Выставив оценку, «Библиотека для чтения» решает коснуться и сути дела. Причем не без тонкости и не без чутья на правду. Добролюбов-то, пять лет спустя, оценит в «Красильниковых» то же самое: урок статистики, который Корнила Егорыч дает господам чиновникам. В стиле Сенковского этот урок звучит так:
– Господа! Прочтите и наизусть выучите эти страницы из «Красильниковых»! Спасибо скажите искреннее Андрею Печерскому! Видно, что он с умом ездил по России!
На этом обозреватель оставляет Печерского и пускается объезжать дальше нивы российской словесности в своей, как он выражается, «телеге».
Вот все. Этим непосредственная реакция критики на повесть «Красильниковы» исчерпывается.
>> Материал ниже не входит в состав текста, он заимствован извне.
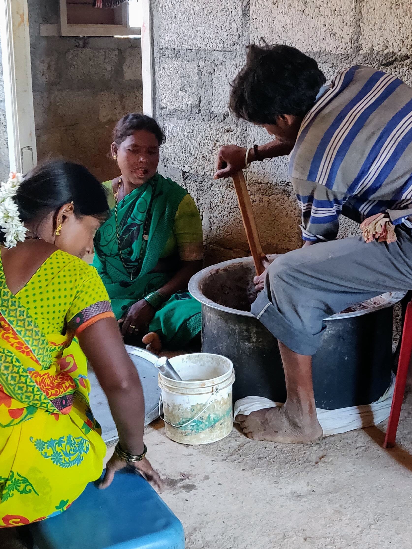 As we arrive the cooking of curries (plenty of meat) and rolling of the Ragi balls is being completed.
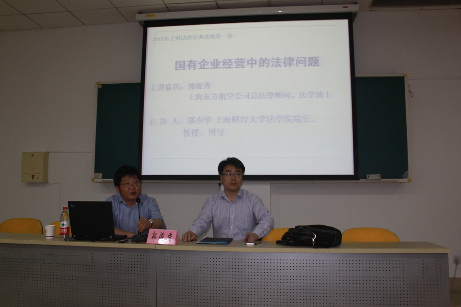 2012年5月31日,应beplay全站 邀请,上海东方航空公司总法律顾问、法学博士郭俊秀来我校做了题为《国有企业经营中的法律问题》的专题讲座。讲座由beplay全站 院长郑少华教授主持。
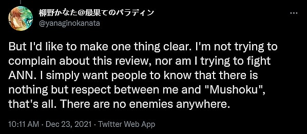 Eventually, after thanking English-speaking fans for their outpouring of support, Yanagino clarified, “I’d like to make one thing clear, I’m not trying to complain about this review, nor am I trying to fight ANN.”
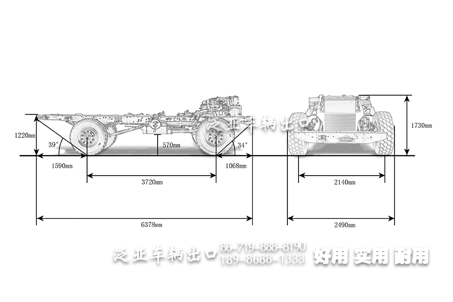 三类底盘尺寸(含仪表台) 6378×2490×2080mm
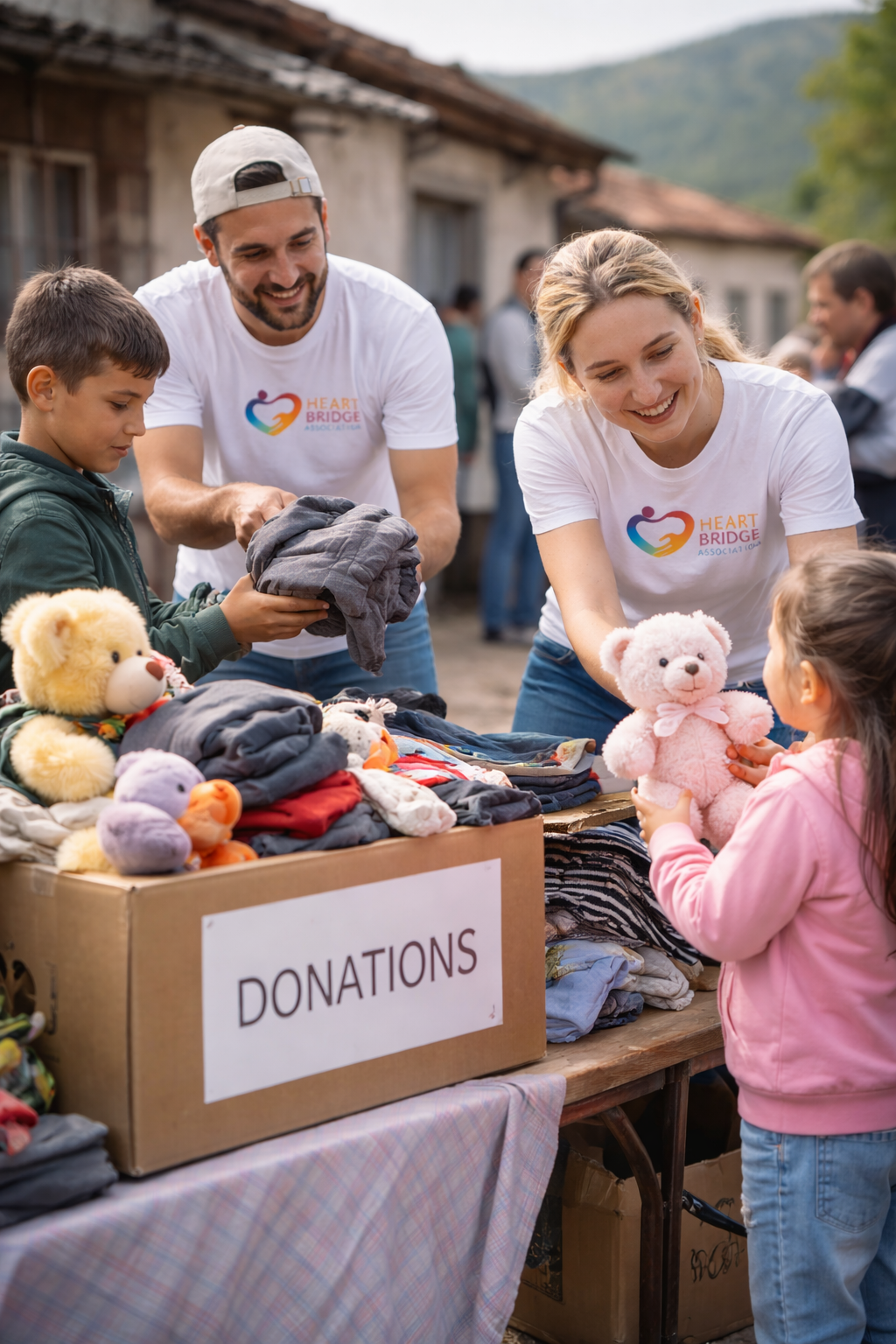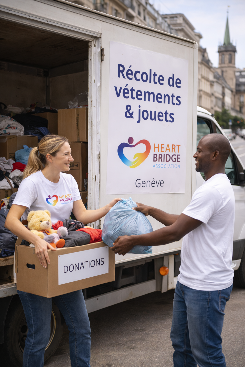Heart Bridge est une association à but non lucratif engagée dans le soutien social et humanitaire, en Suisse et à l’international. Notre objectif est d’agir de manière concrète et responsable auprès de populations en situation de vulnérabilité, en collaboration étroite avec des partenaires locaux de confiance. Nous développons et soutenons des projets qui répondent à des besoins réels identifiés sur le terrain : aide alimentaire et vestimentaire, soutien aux personnes âgées, accès à l’eau potable, accompagnement social et actions humanitaires ciblées. Chaque intervention est pensée pour avoir un impact utile, mesurable et durable, tout en respectant les réalités locales et culturelles.

Полгода спустя «Отечественные записки» (тот ли самый Краевский, который, подобно Панаеву, «мелко прохаживается, да кричит глубоко»… или это уже Дудышкин?) вскользь затрагивают повесть в «Библиографической хронике»:
– Из сочинений «Москвитянина» очень замечательна повесть г. Андрея Печерского. Характер купца, Корнилы Егорыча, изображен очень хорошо…
Все познается в сравнении. Десяток строк, излагающих «образ мыслей» купца, теряется по ходу «хроники» в потоке прочих беглых отзывов. Однако посреди потока стоит в обзоре огромная цитата из другой повести, тоже представляющей собой литературный дебют и тоже подписанной не полностью; этой повести, появившейся только что в «Современнике», обозреватель «Отечественных записок» находит определения совсем другого «ранга»: с начала до конца, – говорит он, – там все прекрасно; поздравим русскую литературу с появлением нового замечательного таланта!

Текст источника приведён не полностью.